In terms of wake effect, Site 3 benefits from the lowest wake-effect losses (9.44 GWh), attributed to higher roughness length. Consequently, Site 3 achieves the highest net AEP (291.949 GWh) even with rougher terrain. Site 1 has a higher net AEP than Site 2, despite Site 2’s lower roughness, highlighting that higher wake losses can offset the benefits of reduced terrain roughness. This analysis suggests that while rougher terrain can correlate with increased wind resources (as in Site 3), it can also necessitate careful management of turbine positioning to minimize wake effects and maximize net energy output.
Table 12 presents data on three sites, focusing on the tradeoffs between LCOE and noise levels. For the LCOE tradeoff, Site 1 has a mean LCOE of 6.785 US cents/kWh with a noise level of 55.891 dBA. Site 2 has a slightly higher LCOE mean at 7.729 US cents/kWh, with a noise level of 55.763 dBA. Site 3 has the lowest LCOE at 5.561 US cents/kWh but with the highest noise level at 56.919 dBA. In the noise tradeoff, Site 1 achieves a lower noise level of 53.705 dBA but with an increase in LCOE to 7.66 US cents/kWh. Site 2 reaches the lowest noise at 52.529 dBA but with the highest LCOE at 9.719 US cents/kWh. Site 3 maintains a balanced approach, achieving a mean LCOE of 5.811 US cents/kWh with a noise level of 55.253 dBA.
Site 3 also produces the lowest LCOE compared with the other sites due to the higher energy produced in this site. Regarding the noise level, higher AEP also impacts higher noise levels attributed to its terrain characteristics, specifically Z0 and RIX. Site 3 has a high Z0 value of 0.8, indicating significant surface roughness due to obstacles like hills or vegetation, which create turbulence in the airflow. This turbulence helps enhance wind mixing and provides a more consistent wind flow at the turbine’s hub height, leading to increased energy production and thus a lower LCOE. However, this same turbulent airflow also generates additional aerodynamic noise, as the turbine blades encounter fluctuating wind speeds and directions, increasing blade–vortex interactions and resulting in more noise. Additionally, the high RIX value of 55% suggests that Site 3 has steep and rugged terrain. The elevation changes associated with a high RIX cause further fluctuations in wind speeds as the air moves over the uneven terrain, resulting in unsteady aerodynamic loads on the blades. These loads create noise through mechanisms like vortex shedding and flow separation. While these rugged conditions allow for efficient energy capture and a lower LCOE, they also lead to higher noise levels due to the turbulent wind environment. Thus, Site 3’s terrain properties illustrate the tradeoff between low energy costs and increased noise in areas with high roughness and ruggedness.

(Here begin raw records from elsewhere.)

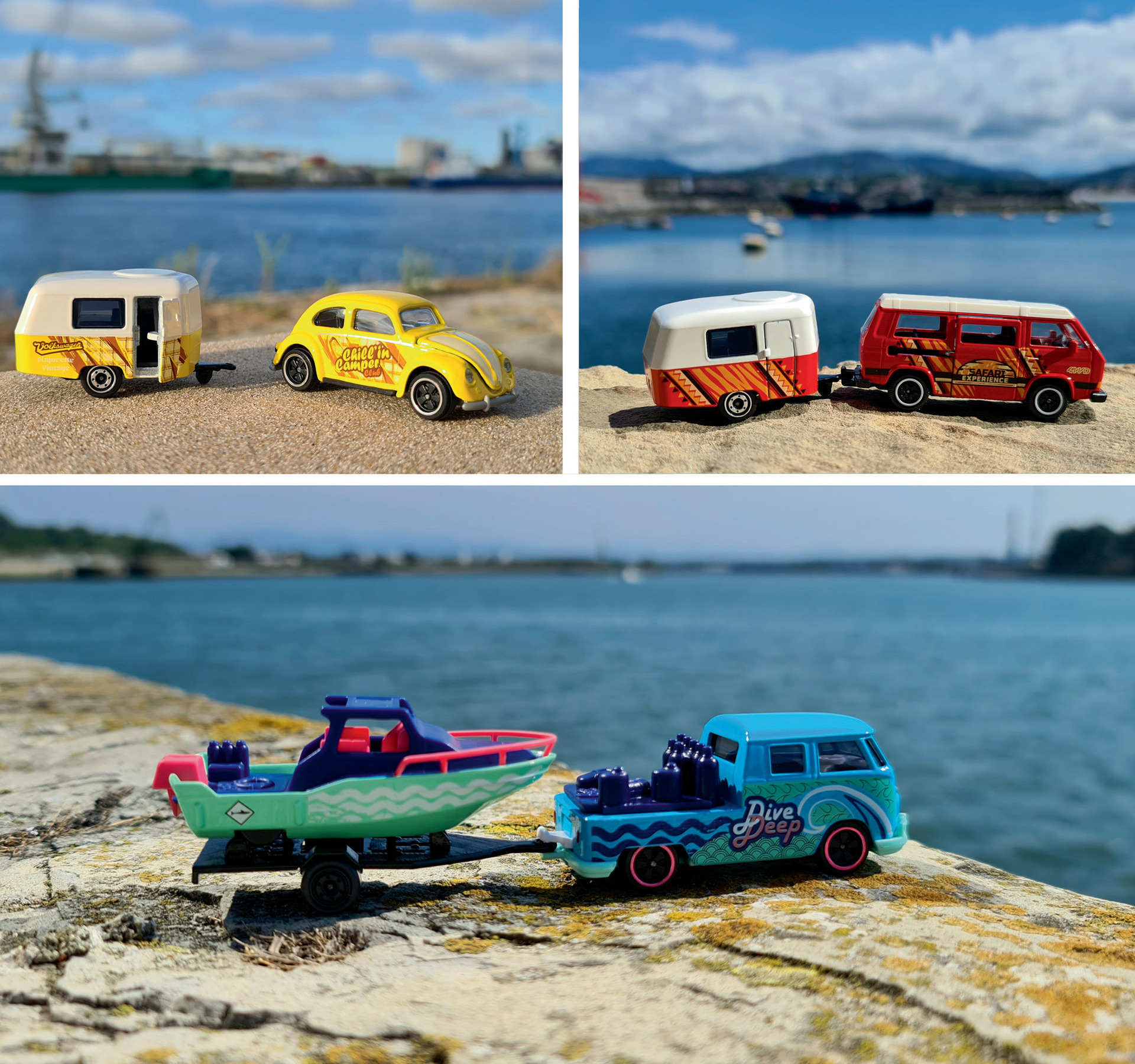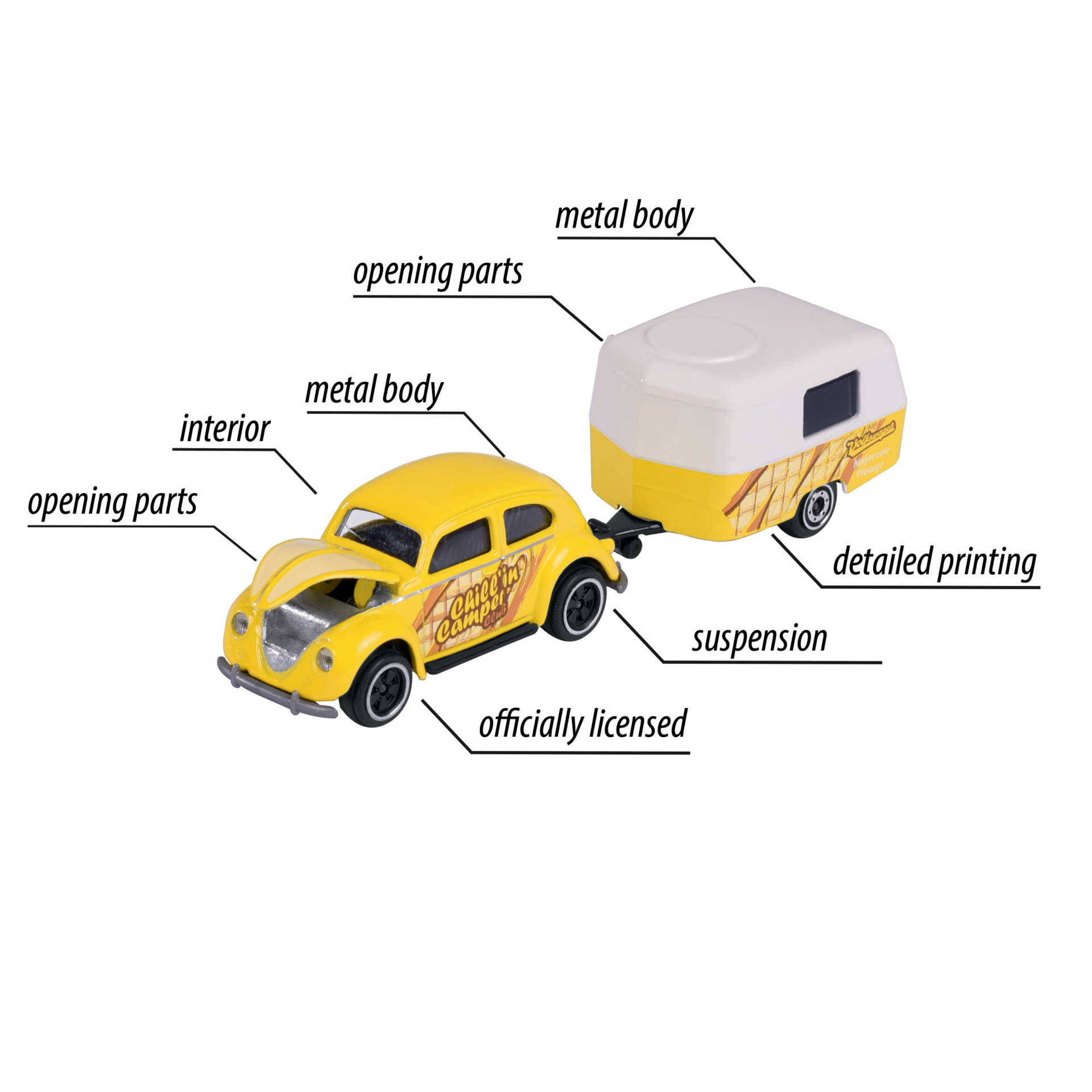 | Plus produit | Collection Vintage Majorette. Assortiment de 3 trailers (véhicule + remorque) en métal échelle 1/64ème. Parties ouvrantes, suspensions, reproduction des grands modèles Volkswagen. |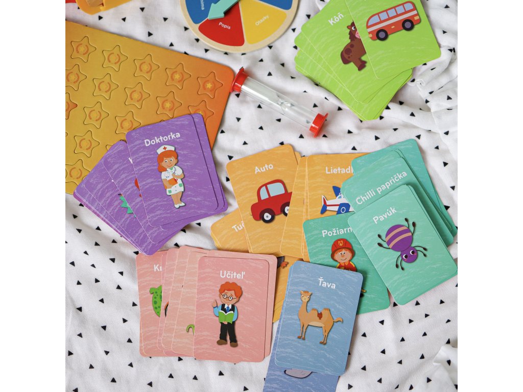 Hádaj, kto som! SK Obľúbená hra pre celú rodinu Hádaj, kto som! je zábavná rodinná hra, ktorá prináša veľa smiechu a rozvíja detské schopnosti. V tejto hre sa jeden hráč postaví do úlohy hádajúceho a ostatní hráči mu ukazujú, čo sa skrýva na jeho čele, a to buď pantomímou, otázkami, alebo opisovaním. Hráč sa pokúša uhádnuť, čo na jeho čele je – môže to byť lietadlo, žabka, kačka či kravička. Hra má až 60 kariet, ktoré ponúkajú množstvo rôznych zvieratiek a predmetov na hádanie.Rodinná hra, kde je dôležitý čas, otázky a správne tipy Súčasťou balenia sú aj presýpacie hodinky a bodovacie hviezdičky, ktoré vám umožnia hrať rôzne verzie, od jednoduchej po zložitejšiu. Hádaj, kto som! je skvelá hra na rozvoj detskej slovnej zásoby, rečových schopností a interakcie s ostatnými. Deti sa učia klásť otázky, komunikovať, a aj efektívne spolupracovať s ostatnými hráčmi. Všetko je vyrobené z kvalitných materiálov s dôrazom na životné prostredie a bezpečnosť. Hra je v slovenskom jazyku.Tu nájdete návod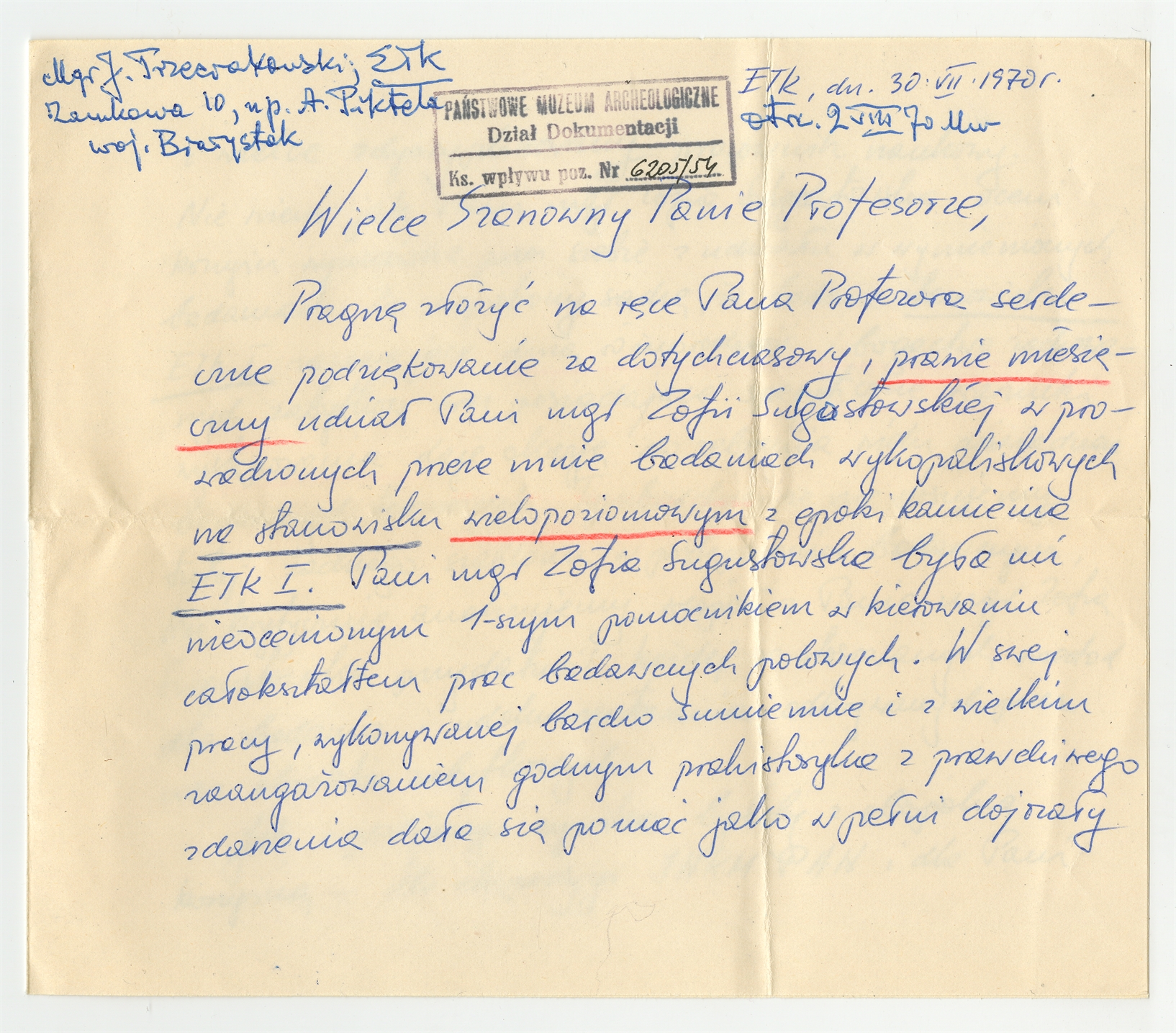 Rękopis - list Jana Trzeciakowskiego do Stefana Krukowskiego z dnia 30 VII 1970 roku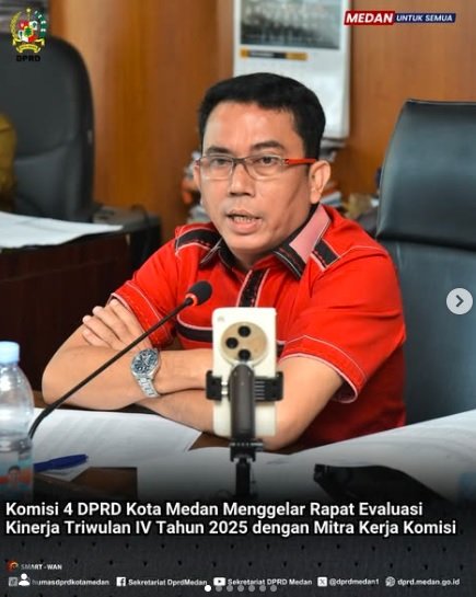 Medan— Di awal tahun yang masih terasa baru, Komisi 4 DPRD Kota Medan kembali membuka lembar evaluasi terhadap kinerja akhir tahun sebelumnya. Rapat Evaluasi Kinerja Triwulan IV Tahun 2025 digelar sebagai bagian dari fungsi pengawasan, sebuah agenda yang secara sederhana dapat dimaknai sebagai upaya memastikan bahwa rencana, anggaran, dan pelaksanaan benar-benar berjalan seirama—atau setidaknya mendekati demikian.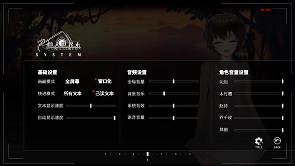 8、点击【CONFIG】按钮能够打开游戏的全局设置界面,该界面包含了基础设置、音频设置以及角色音量设置等内容。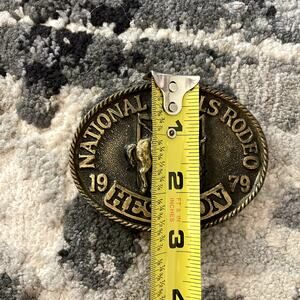 This is a vintage collector's belt buckle from the National Finals Rodeo, dated 1979. It is marked on the back as the "Fifth Edition Collector's Buckle," commemorating the 6th annual network telecast of the event. The front features a bareback rider on a horse, with "National Finals Rodeo 1979" and "Hesston" prominently displayed. The buckle has a brass/bronze-like finish with a roped border. It is a highly collectible item for rodeo and Western memorabilia enthusiasts.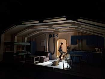 Now we find ourselves in a climate crisis, when the fiction created by the playwright seems not so farfetched. Jules (Nicholas Yenson) discovers strange behavior in fish that indicates the species is in trouble. When he cries wolf to scientists higher up the food chain, they pay no attention, so he decides to act on his own. He runs an ad on Craigslist to recruit a young woman, purportedly for "sex to change the course of the world," and journalism student Jo (Chloe Nosan) shows up in his underground lab (read: lair) for the strangest first date on record. It also turns out to be the longest first date on record when the comet hits and they are forced to shelter in placefor two to four years, by Jules' calculations. Substitute rising sea levels, burning rain forests, and a couple of the hottest years on record in place of the giant comet, and, well, here we are in 2020. Does someone have a well-stocked, subterranean lab set up for the last two humans to hunker down in and begin to procreate? If it sounds like an exhibit you'd find at Disney World or a world's fair, that thought also occurred to the playwright. Enter Barbara (Stephanie Clayman), the guide at the evolutionary museum far in the future, whose job it is to tell the audience (us) about the historic event that may have ended life as we know it. What actually happened, and what happens next, shall not be revealed in this review, but boom is a cautionary tale. Pull quotes from reviews of the play when it was first produced (2007-2008) use phrases like "riotously looks at the depths of humanity," "pants-around-the-ankles comedy," and "the funniest play seen hereabouts." My assessment differs, perhaps because times have changed and the doomsday nature of the premise hits closer to home. To give credit where it is due, Yenson and Nosan are an appealing pair of young actors who capture the innocence and insecurity, the anxiety and hopefulness of their characters. Clayman is a trooper who gives credibility to the conceit that her job is to instruct and entertain us, even when she discovers that her position may be on the verge of extinction. From her offstage perch, she sometimes punctuates the action by striking on timpani or a giant gong, and she serves as a sort of puppetmaster, manipulating the presentation by pulling levers and flipping switches to alter or pause Jules' and Jo's movements as she explains the whole experience to us. Wellesley Repertory Theatre Artistic Director Marta Rainer is at the helm of the starship boom and her design team (David Towlun, set; George Cooke, sound; Chelsea Kerl, costume; Emily Bearce and Graham Edmondson, lighting) conjures up a futuristic world, including the lab with cabinets stuffed to the gills with the necessities of life (massive quantities of bourbon, toilet paper, diapers and tampons), eerie purplish lighting that suggests the use of a backup generator, and a fabulous fish tank that holds the key to the future. After the comet hits, Barbara explains, "The boom is not just about a loud noise, but a sudden, radical change in the state of things," basically outlining Nachtrieb's focus on the end of the world and starting anew. There are some veiled political undertones (even Halliburton gets a mention) about how the government responds to disasters, as well as the museum's office politics, and we are asked to examine our own preferences about wanting to know or remaining blissfully ignorant in the face of annihilation. For these misfits, it is the chance to make an impact that keeps them going, and the takeaway seems to point to the resilience of life against all odds. As for the rest of us, what other choice do we have? boom runs through February 9, 2020, at Wellesley Repertory Theatre, Ruth Nagel Jones Theatre, Alumnae Hall on the Campus of Wellesley College, 106 Central Street, Wellesley MA. For tickets and information, call the box office at 781-283-2000 or visit www.wellesleyrep.org. Written by Peter Sinn Nachtrieb, Directed by Marta Rainer; Production Manager/Set Design, David Towlun; Sound Design, George Cooke; Costume Design, Chelsea Kerl; Lighting Design, Emily Bearce, Graham Edmondson; Stage Management, Lindsay D. Garofalo; Vocal Coach, Paul M. Valley; Fight Coach, Sarah Flanagan; Percussion Consultant, Craig McNutt Cast: Nicholas Yenson, Chloe Nosan, Stephanie Clayman |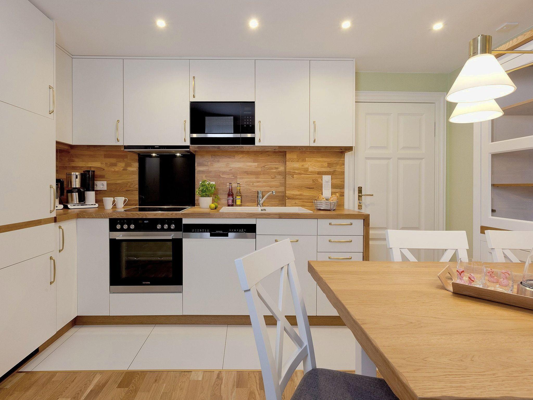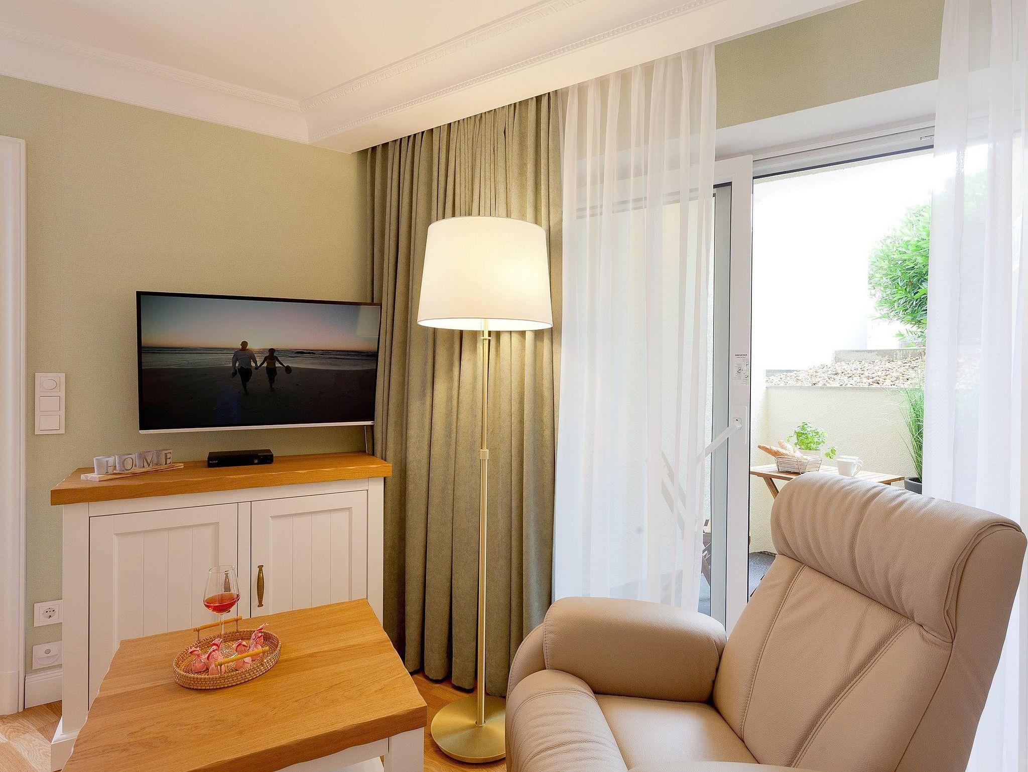 Das helle und großzügige Drei-Zimmer-Appartement im Gartengeschoss der Villa beeindruckt auf 80?Quadratmetern mit einer durchdachten Raumaufteilung, die sowohl Komfort als auch Privatsphäre garantiert. Ein eleganter Wohnbereich mit exklusivem Gaskamin, bequemer Couchgarnitur und Flat-TV schafft eine Wohlfühlatmosphäre, die das ganze Jahr über zum Entspannen einlädt. Die voll ausgestattete Küche, maßgefertigt von einem einheimischen Tischler, bietet Backofen, Mikrowelle, Kühlschrank mit Gefrierfach, Toaster, Wasserkocher und Kaffeemaschine sowie einen Essbereich für sechs Personen ideal für gemeinsame Familienmahlzeiten. Von der sonnigen Terrasse können Sie bereits die frische Meeresluft genießen. Echtholzparkett, langlebige Designer-Tapeten aus den USA und liebevolle Details unterstreichen den exklusiven Charakter des Appartements.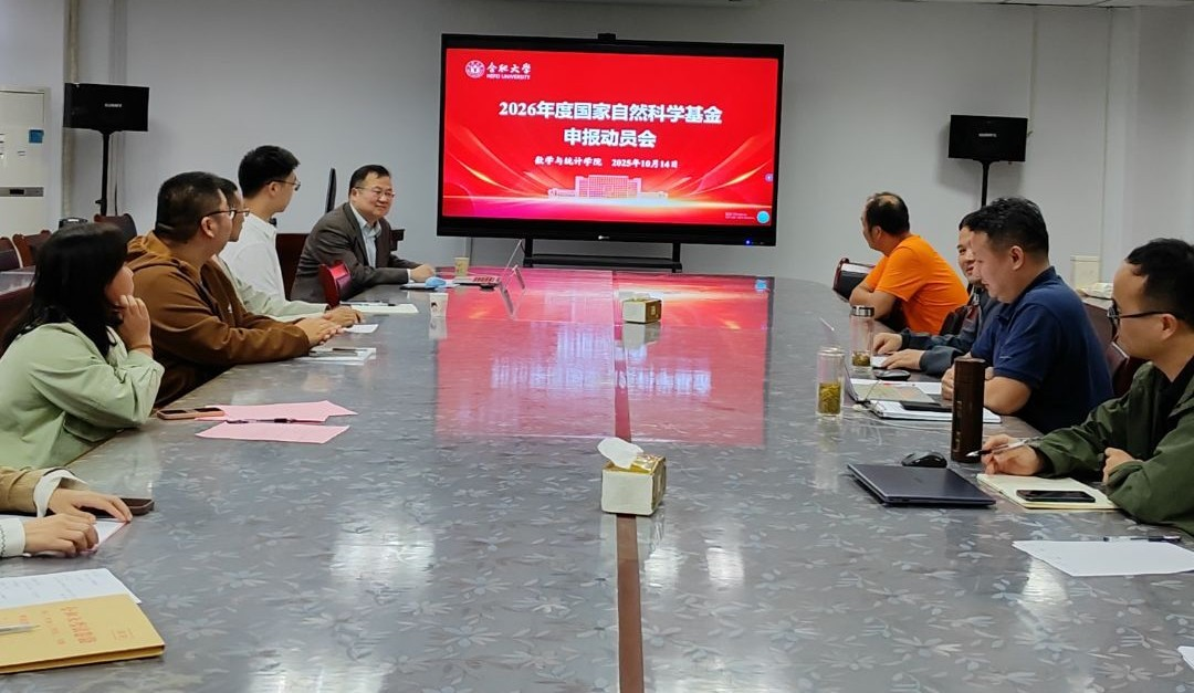 2025年10月14日下午,数学与统计学院在36栋305会议室举办国家自然科学基金撰写辅导会暨2026年国家自然科学基金申报动员会,为提升数学与统计学院教师的国家自然科学基金撰写能力和申报热情,特邀安徽大学汪毅教授作南艳湖大讲堂学术讲座:国家自然科学基金写作体会。报告由数学与统计学院院长余海峰主持, 副院长闫晓辉、李宁以及部分青年博士参加了此次报告会。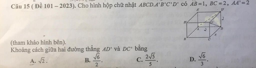 `=> d(AD',C'D) =d(AD',(BC'D)) = d(A,(BC'D)) = d(C,(BC'D)) `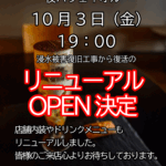 8月上旬の大雨により浸水被害の復旧工事のため休業しておりましたが、10月3日(金)より営業を再開いたします。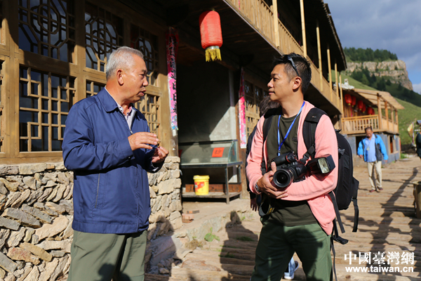 臺灣攝影師陳思豪對當地民俗專家的講解頗具興趣。(中國臺灣網 袁楚 攝)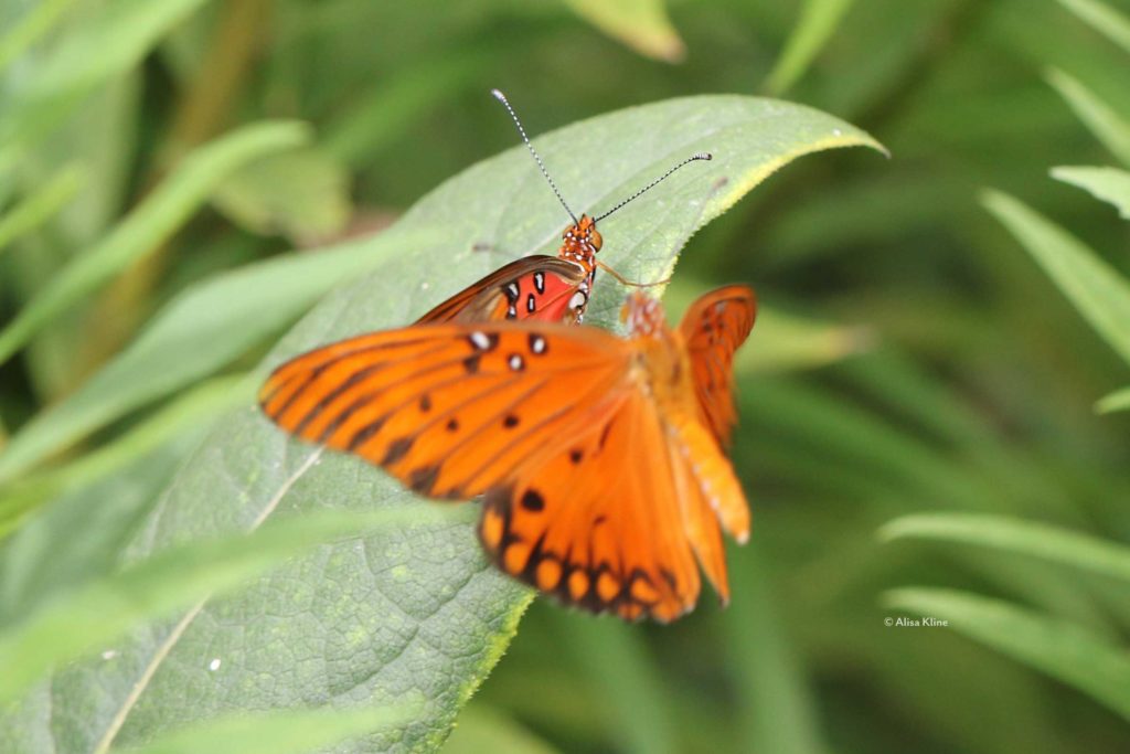 I think that is our brand-new female on the leaf. Gulf frits will live only a week or two and during that time, their colors fade and their wings get frayed. The first day or two, they really look different, especially the darker girls. The hovering butterfly is undoubtedly a male beating his wings above her to shower her with his pheromones. They are produced by specialized scales on his wings.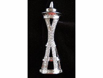 But rhinestones are much more fun! This dazzling version of the Space Needle will be quite the conversation piece when you pin it on your lapel. Measures 3.75" tall in silver metal, and features round brilliant and baguette 'diamonds'!

For future site planning, a balanced approach is recommended, one that weighs the benefits of higher wind speeds against the challenges of roughness-induced turbulence and wake effects. Conducting a correlation analysis between RIX and Z0 would quantify these relationships further. Additionally, a comparative study of different turbine models across varying environmental conditions, alongside long-term monitoring, could provide insights into optimizing wind farm performance amidst changing environmental parameters.